‘Smith finds sublimity in today’s world and paints it with a lushness that is palpable. For many, who sift through the papers with global catastrophes, wars and local tragedies, this is nothing short of extraordinary but then Smith is no ordinary artist. Collector of antiquities and art, mathematician and painter, Smith is drawn to the beauty that surrounds us all, to eternal metaphors and truths in mathematics, science and astronomy. From the diagrammatic details of flowering cacti to the mathematical equation of the speed of light, Smith presents a world where elegance and a yearning for truth, prevail’ - Clare Watson, Curator, Gippsland Art Gallery, Sale, Victoria, Australia, 2009.
The current ongoing series of paintings, Line of Sight, is an examination of landscape, place and its relation to the history of that place—this relationship arcs like the tracery of a dotted line—forming a bridge that stretches from where we stand looking in a landscape towards the horizon of history, of scientific and cultural knowledge. The works in this series are an attempt to construct meaning at that time/place nexus using texts in white oil paint overlaid on the painted surface of both paintings and sculptures.
‘The texts are reprised from diverse sources in a post-modernist tradition. They draw on my time as a professional mathematician writing descriptive formulae on blackboards; they draw on a love of poetry and historical moment; and in this exhibition, they draw on aboriginal history through footprint trackways at Lake Mungo near the Victoria/NSW border. So the texts are cultural constructs of meaning. Then clearly (as Lake Mungo has been mentioned) there is the specificity of the general notion of “landscape”. It is the landscape that watches over a specific place. It endures. It enfolds the past. It hides past events and lost causes. It slowly covers over tracks like the murderer cleaning up the scene of the perfect crime.

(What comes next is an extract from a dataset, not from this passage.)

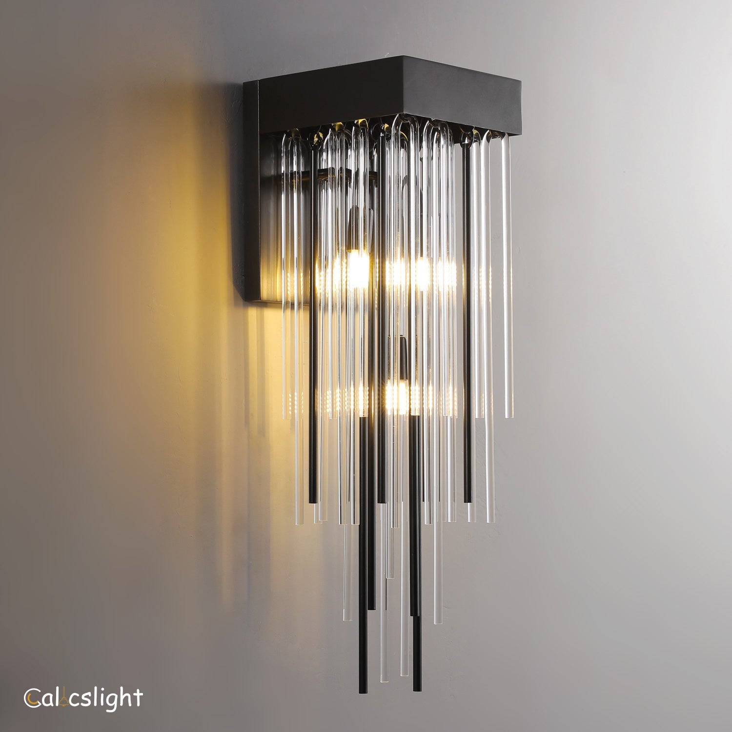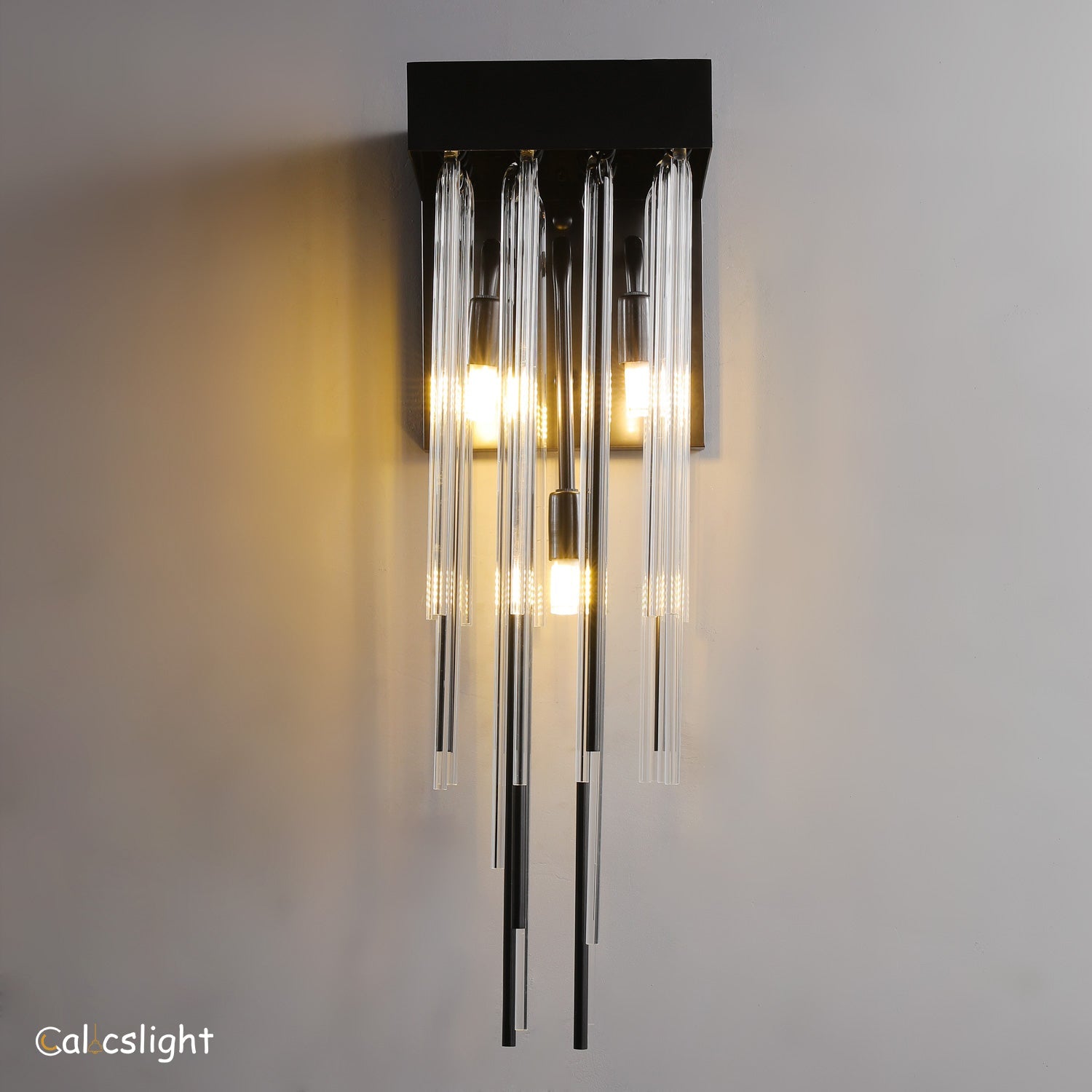 This wall sconce is hand-finished from solid brass and glass. The simple assembly of crystal rods and brass blocks uses a geometric design model that is both minimalist and makes you feel simpler and smoother.
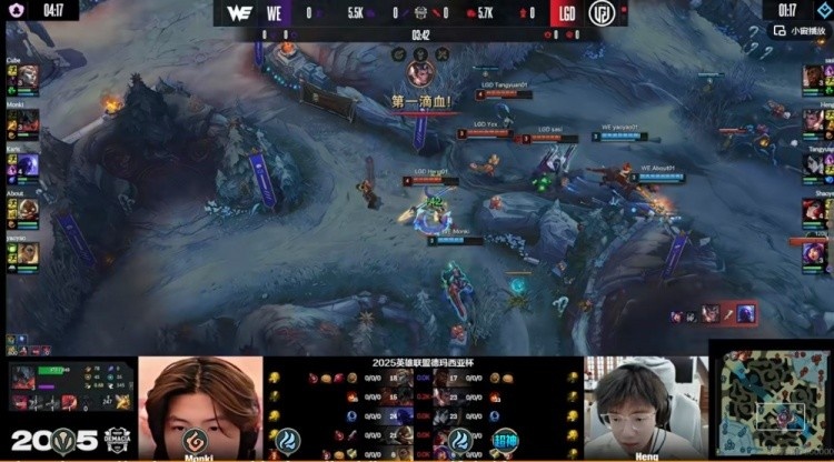第二局前期河道遭遇,Heng赵信击杀Karis瑞兹拿到一血,但WE依靠人数优势打出2换3。

‘Beyond place and text, there is the actual application of paint. My current practice embraces the traditional painting approaches of oil on linen in a realist style that is at once traditional and contemporary: traditional, in the sense of my fertile interest in the 19th Century High German Romantic paintings of Caspar David Friedrich (1774-1840) or the American Luminists such as Frederic Edwin Church (1826-1900); contemporary, in my embrace of contemporaneity—the linking of images and texts from different times, cultures, knowledge systems, histories and geographic locations—to a painted constellation in the present.’ PJS, 2016.